Transcribe the listing below exactly, without pictures.

━━━━━ EXERCISE DATA

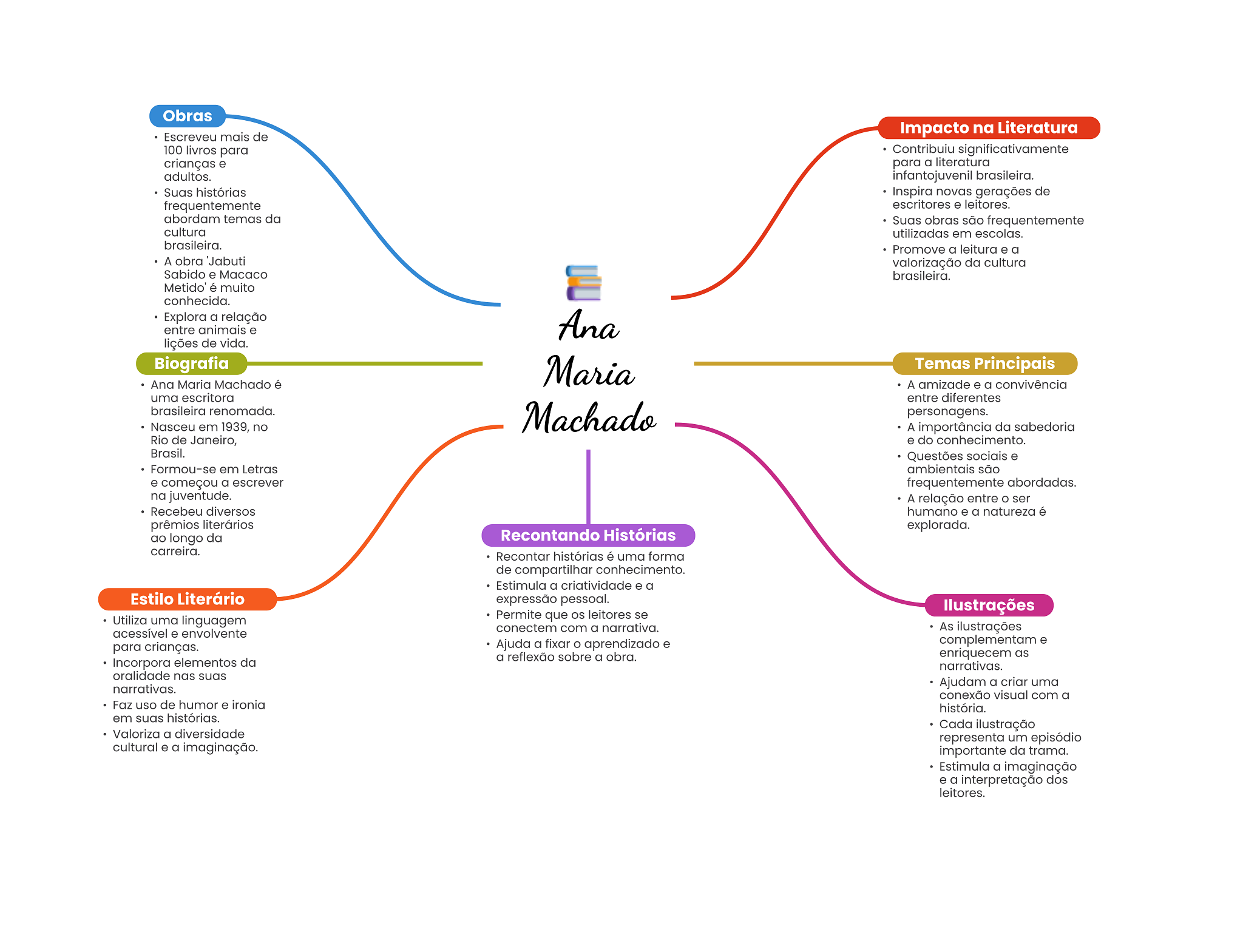 Obras Impacto na Literatura Escreveu mais de 100 livros para Contribuiu significativamente crianças e para a literatura adultos. infantojuvenil brasileira. Suas histórias Inspira novas gerações de frequentemente escritores e leitores. abordam temas da Suas obras são frequentemente cultura utilizadas em escolas. brasileira. Promove a leitura e a A obra Jabuti valorização da cultura Sabido e Macaco brasileira. Metido' é muito conhecida. Explora a relação entre animais e Ana lições de vida. Biografia Maria Temas Principais Ana Maria Machado é A amizade e a convivência uma escritora entre diferentes brasileira renomada. Machado personagens. Nasceu em 1939, no A importância da sabedoria Rio de Janeiro, e do conhecimento. Brasil. Questões sociais e Formou-se em Letras ambientais são e começou a escrever frequentemente abordadas. na juventude. A relação entre ser Recebeu diversos humano e a natureza é prêmios literários explorada. ao longo da Recontando Histórias carreira. Recontar histórias é uma forma de compartilhar conhecimento. Estimula a criatividade e a Estilo Literário expressão pessoal. Ilustrações Utiliza uma linguagem Permite que leitores se acessível e envolvente conectem com a narrativa. As ilustrações Ajuda a fixar aprendizado e complementam e para crianças. a reflexão sobre a obra. enriquecem as Incorpora elementos da narrativas. oralidade nas suas narrativas. Ajudam a criar uma conexão visual com a Faz uso de humor e ironia história. em suas histórias. Cada ilustração Valoriza a diversidade representa um episódio cultural e a imaginação. importante da trama. Estimula a imaginação e a interpretação dos leitores.
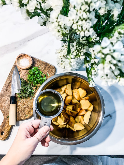Kartöflur 10 kartöflur ½ dl ólífuolía 1-2 msk ferskt timian (má vera þurrkað) 1-2 msk fersk steinselja Salt & pipar
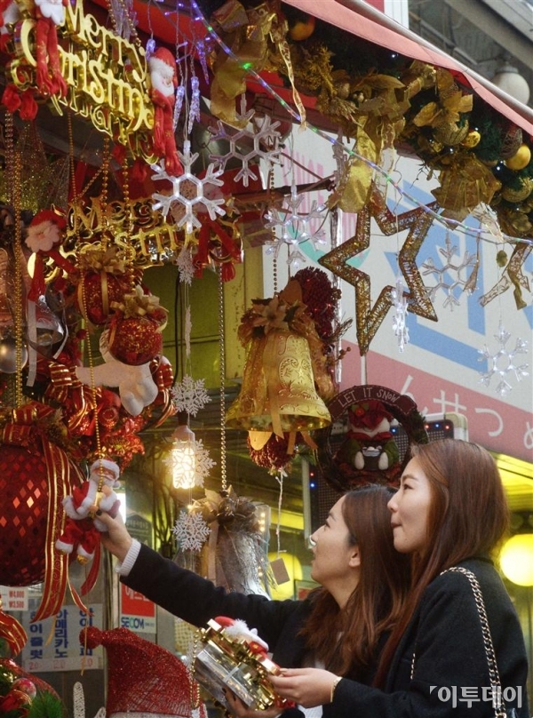 크리스마스가 한 달여 앞으로 다가온 23일 서울 회현동 남대문시장의 한 상점에서 시민들이 크리스마스 소품을 구경하고 있다. 신태현 기자 holjjak@
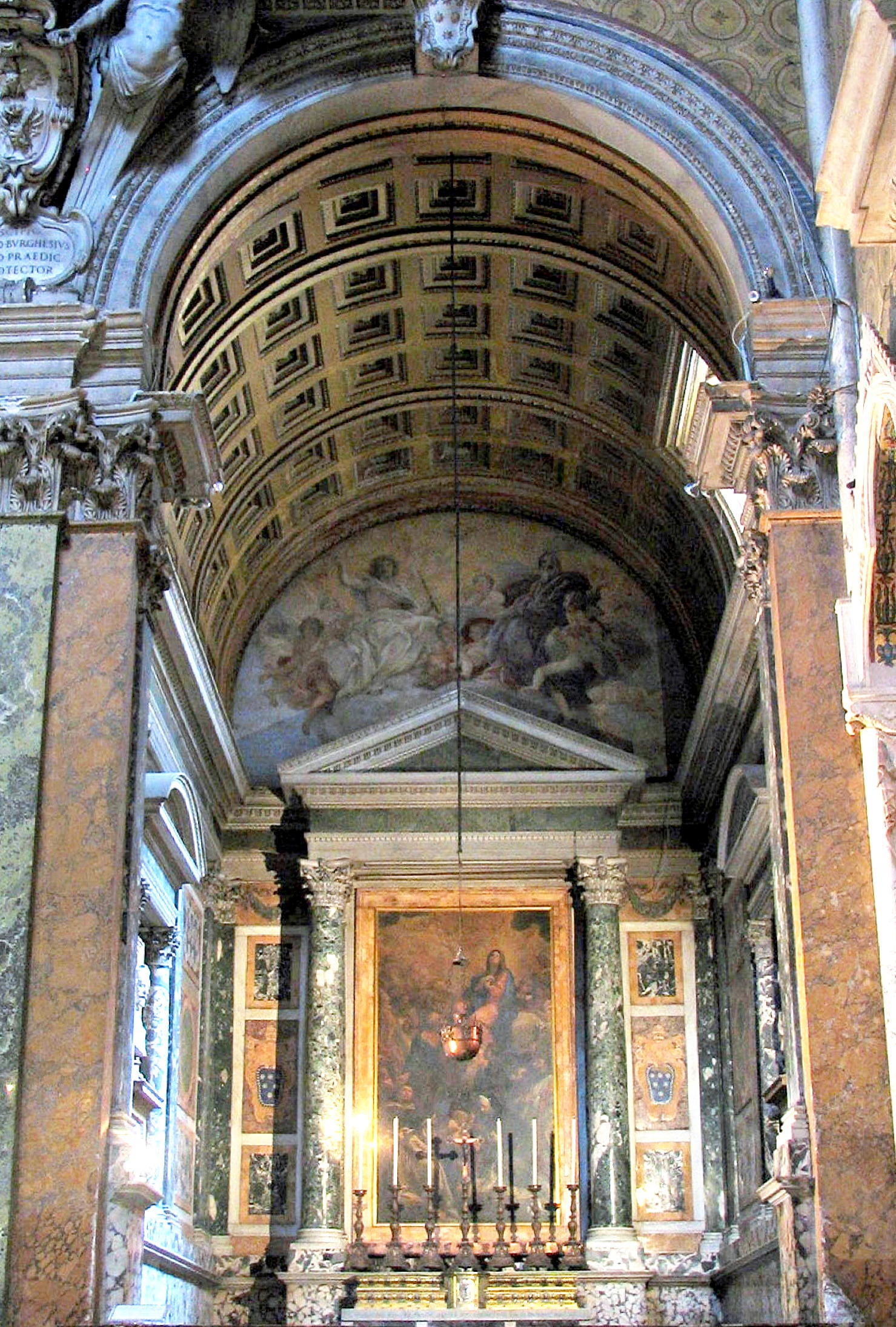 Leggi i suoi articoliLa Vergine è seduta in cielo fra le nubi, ai suoi piedi san Pietro con cinque santi, ciascuno ritratto in pio atteggiamento di devozione. Sono Gaetano da Thiene, Francesco Borgia, Filippo Benizzi, Rosa da Lima e Luigi Bertrand, canonizzati da Clemente X Altieri nell’aprile del 1671 nella Basilica di San Pietro.

━━━━━━━━━━

→ **COMPLETED EXERCISE**:
 Obras Impacto na Literatura Escreveu mais de 100 livros para Contribuiu significativamente crianças e para a literatura adultos. infantojuvenil brasileira. Suas histórias Inspira novas gerações de frequentemente escritores e leitores. abordam temas da Suas obras são frequentemente cultura utilizadas em escolas. brasileira. Promove a leitura e a A obra Jabuti valorização da cultura Sabido e Macaco brasileira. Metido' é muito conhecida. Explora a relação entre animais e Ana lições de vida. Biografia Maria Temas Principais Ana Maria Machado é A amizade e a convivência uma escritora entre diferentes brasileira renomada. Machado personagens. Nasceu em 1939, no A importância da sabedoria Rio de Janeiro, e do conhecimento. Brasil. Questões sociais e Formou-se em Letras ambientais são e começou a escrever frequentemente abordadas. na juventude. A relação entre ser Recebeu diversos humano e a natureza é prêmios literários explorada. ao longo da Recontando Histórias carreira. Recontar histórias é uma forma de compartilhar conhecimento. Estimula a criatividade e a Estilo Literário expressão pessoal. Ilustrações Utiliza uma linguagem Permite que leitores se acessível e envolvente conectem com a narrativa. As ilustrações Ajuda a fixar aprendizado e complementam e para crianças. a reflexão sobre a obra. enriquecem as Incorpora elementos da narrativas. oralidade nas suas narrativas. Ajudam a criar uma conexão visual com a Faz uso de humor e ironia história. em suas histórias. Cada ilustração Valoriza a diversidade representa um episódio cultural e a imaginação. importante da trama. Estimula a imaginação e a interpretação dos leitores.
Kartöflur 10 kartöflur ½ dl ólífuolía 1-2 msk ferskt timian (má vera þurrkað) 1-2 msk fersk steinselja Salt & pipar
 크리스마스가 한 달여 앞으로 다가온 23일 서울 회현동 남대문시장의 한 상점에서 시민들이 크리스마스 소품을 구경하고 있다. 신태현 기자 holjjak@
 Leggi i suoi articoliLa Vergine è seduta in cielo fra le nubi, ai suoi piedi san Pietro con cinque santi, ciascuno ritratto in pio atteggiamento di devozione. Sono Gaetano da Thiene, Francesco Borgia, Filippo Benizzi, Rosa da Lima e Luigi Bertrand, canonizzati da Clemente X Altieri nell’aprile del 1671 nella Basilica di San Pietro.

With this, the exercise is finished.